Thursday, November 21, 2013

Crop Failure

It's really easy and fun to post pictures and talk about the success of a great harvest. It's not as easy or enjoyable to talk about when things just don't go right, but that's life.  Some games you win.  Some games you lose.  Some games are gonna get rained out.  You keep going, learning from your mistakes and moving forward.

"Never give in, never give in, never; never; never; never - in nothing, great or small, large or petty - never give in except to convictions of honor and good sense." - Sir Winston Churchill


Image Credit
Today we'll discuss the 2013 Sweet Potato harvest.  The 2012 harvest was record breaking for us.  We cured several onion sacks full of sweet potatoes and ate on them for months.  The anticipation for another bumper crop was there, but the crop didn't materialize.  Let's back up a bit.  We never plant our sweet potatoes.  They just come up on their own every year during the summer and grow and grow until their vines encompass big swaths of the garden.  We're guessing that years ago we composted a sweet potato that grew and it re-grows every year and blesses us.  To be honest, we don't really know how to grow them. They just 'grow themselves.'  The sweet potato harvest is always in the latter part of October or early November.

This year we had a very dry summer.  Since I work a full time job, I don't have a lot of time to irrigate the crops.  As a result, the dry weather made the ground hard and dry and the vines didn't really start growing until the latter part of the summer.  I knew this was going to diminish the yield - I just didn't know how much. That's the thing about sweet potatoes - you don't know what you've got until you start digging. That's sort of the way our lives are, right?  Sometimes our lives' outward signs portray good things, but it's not until you take out the spade and start digging around beneath the surface, that you can determine if the outward appearance produced good things underneath or if the outward signs were nothing but a show.  The vines looked okay, but it is time to start digging to find out what lay in store for us.  So Benjamin and I got a shovel and started digging. This is a true 'shovel ready' job, but no stimulus funds were received for our toils!

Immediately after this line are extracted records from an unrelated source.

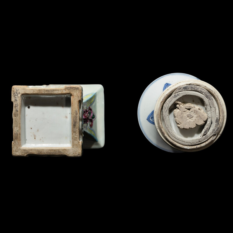 The first is a molded famille rose example, the second a blue and white example.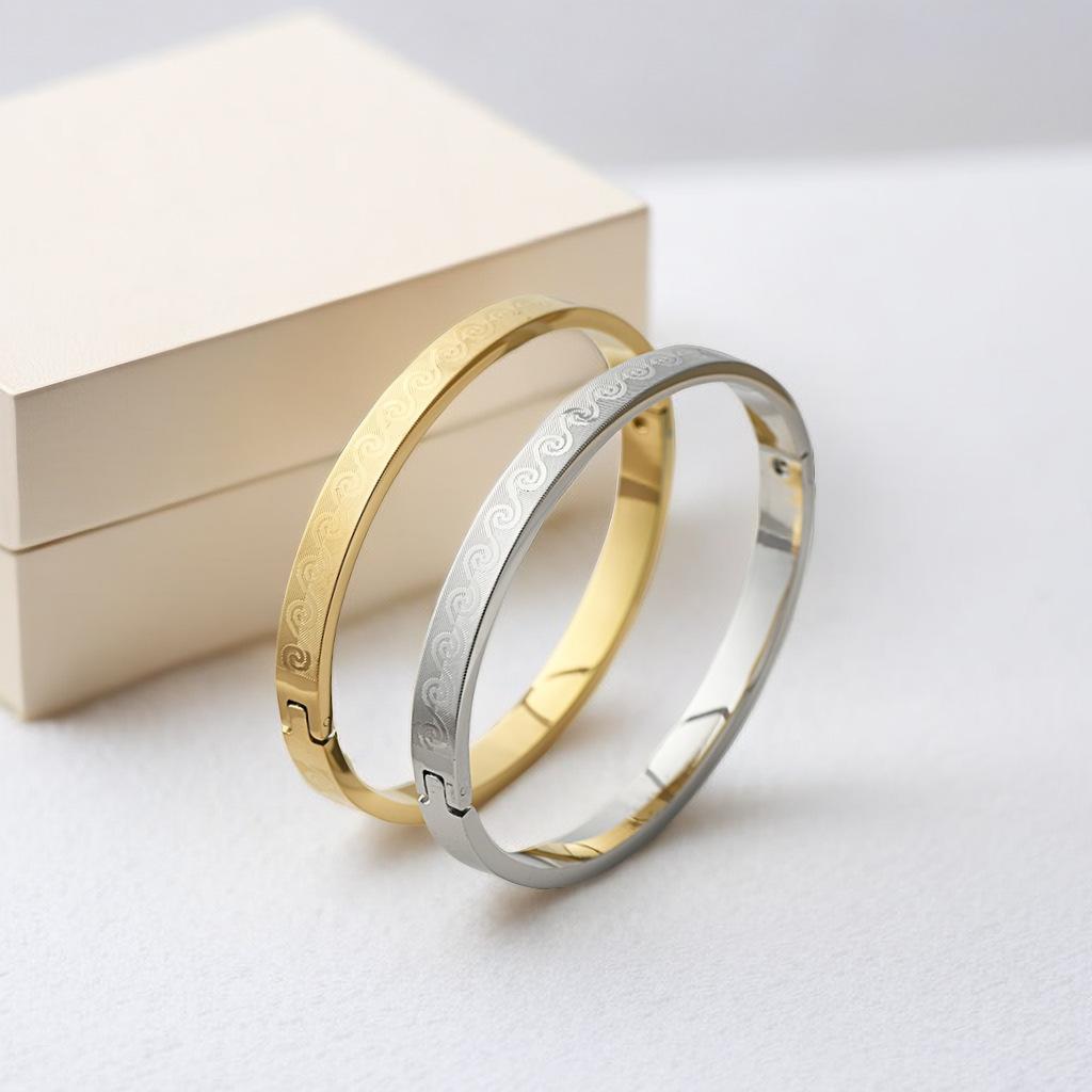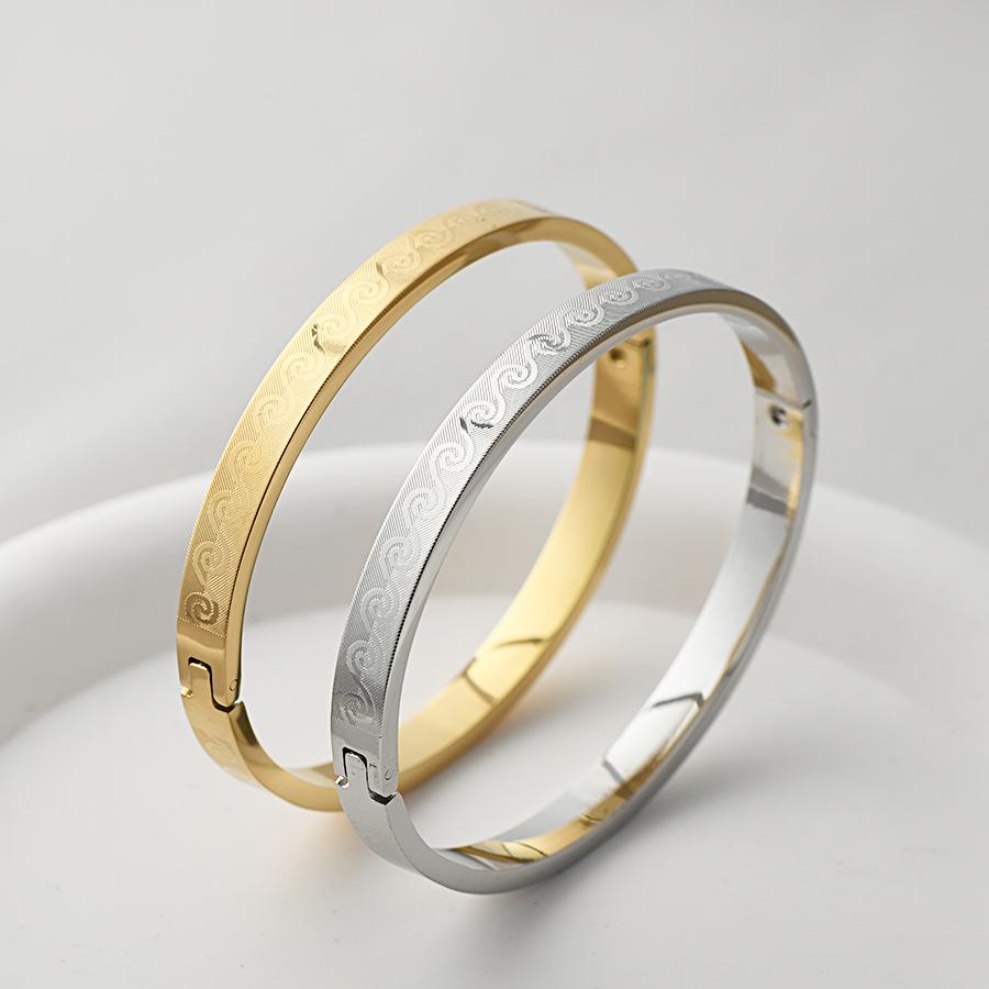 Pulsera Transfronteriza Nueva de Acero de Titanio Creativa Simple Corrosión Patrón de Onda Hebilla Pulsera para Pareja Joyería de Acero Inoxidable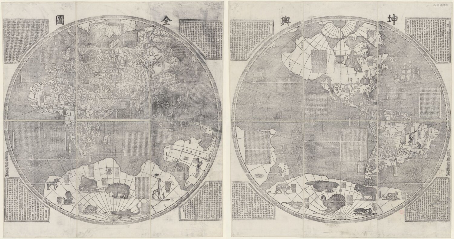 由于地理大发现之故,明末清初耶稣会传教士陆陆续续地来到中国。透过多次的地图绘制,他们带来了当时(十七世纪初)最新的世界地理观念。《坤舆全图》完成于康熙十三年(1674),正是比利时耶稣会教士南怀仁向康熙皇帝解说当时西方世界地理知识的工具。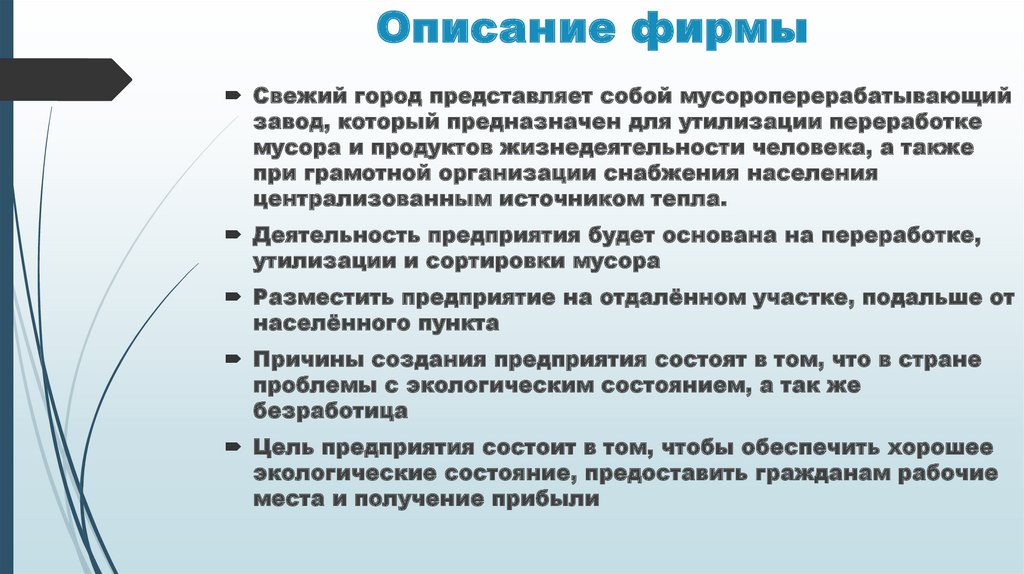 Описание фирмыСвежий город представляет собой мусороперерабатывающий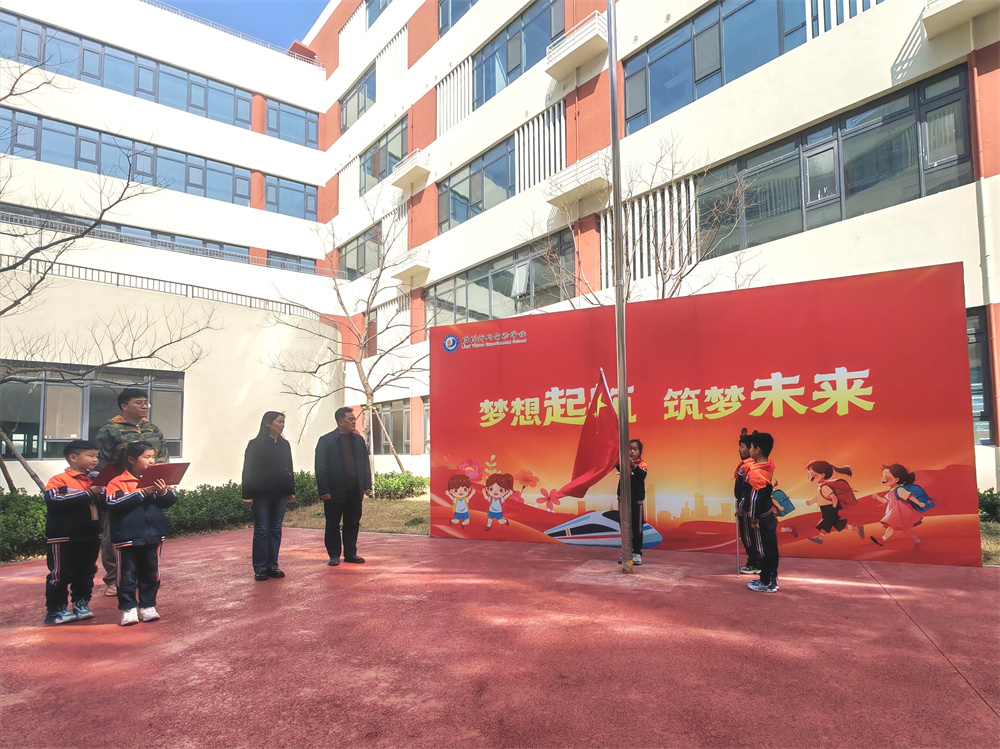 阳光洒满校园,全体师生齐聚操场。伴随着激昂的出旗曲,护旗手们迈着整齐有力的步伐护送国旗走向升旗台。师生庄严肃立,向国旗行注目礼。在雄壮的国歌声中,五星红旗冉冉升起,迎风飘扬。

Sweet Potato Vines (The Before pic)
We normally cut a little section, cutting the vines and throwing them over to the cows to eat.  The cows absolutely LOVE sweet potato vines.  I'm convinced they look forward to this every year.  They line up alongside the fence and eat!  

Yum Yum!
Maggie and Rosie fighting over a vine
Daisy administering a head butt to Maggie
After the vines are out of the way, we take the shovel and turn the ground over, revealing (hopefully) some delicious Beauregard sweet potatoes.  We take all the sweet potatoes that are too small to eat and feed them to the cows.  They crunch, crunch crunch on them.  They can never get enough of 'em.  Long after the last vine is cut and sweet potato is dug, they'll beg at the garden fence with long, sad faces.
Shovel Ready Job?
When the dust settled, this was it.  One fourth of a milk crate of medium to small sized sweet 'taters.  We had long, sad faces like the cows.  Oh well, we'll cure and eat what we have in the crate, but the length of time it'll take to eat them will be measured in mere days instead of months like last year's crop.

The sweet potato harvest of 2013.  (I yam what I yam!)
Our field of dreams had turned into a nightmare.

The After Pic
So here are the lessons learned from the 2012 Sweet Potato Crop:
  1. Plentiful vines don't always equate to a plentiful crop (for humans, that is, - the cows made out fine),
  2. Look into setting up some sort of inexpensive irrigation next year,
  3. Incorporate even more organic matter into the soil to preserve moisture and fertility and lessen ground compaction.
Fortunately, Garber Farms, a world class producer of sweet potatoes is just a stone's throw away and once our pathetic little inventory of sweet potatoes is gone, we can get our fix from a local supplier.  Besides, what's Thanksgiving without candied yams?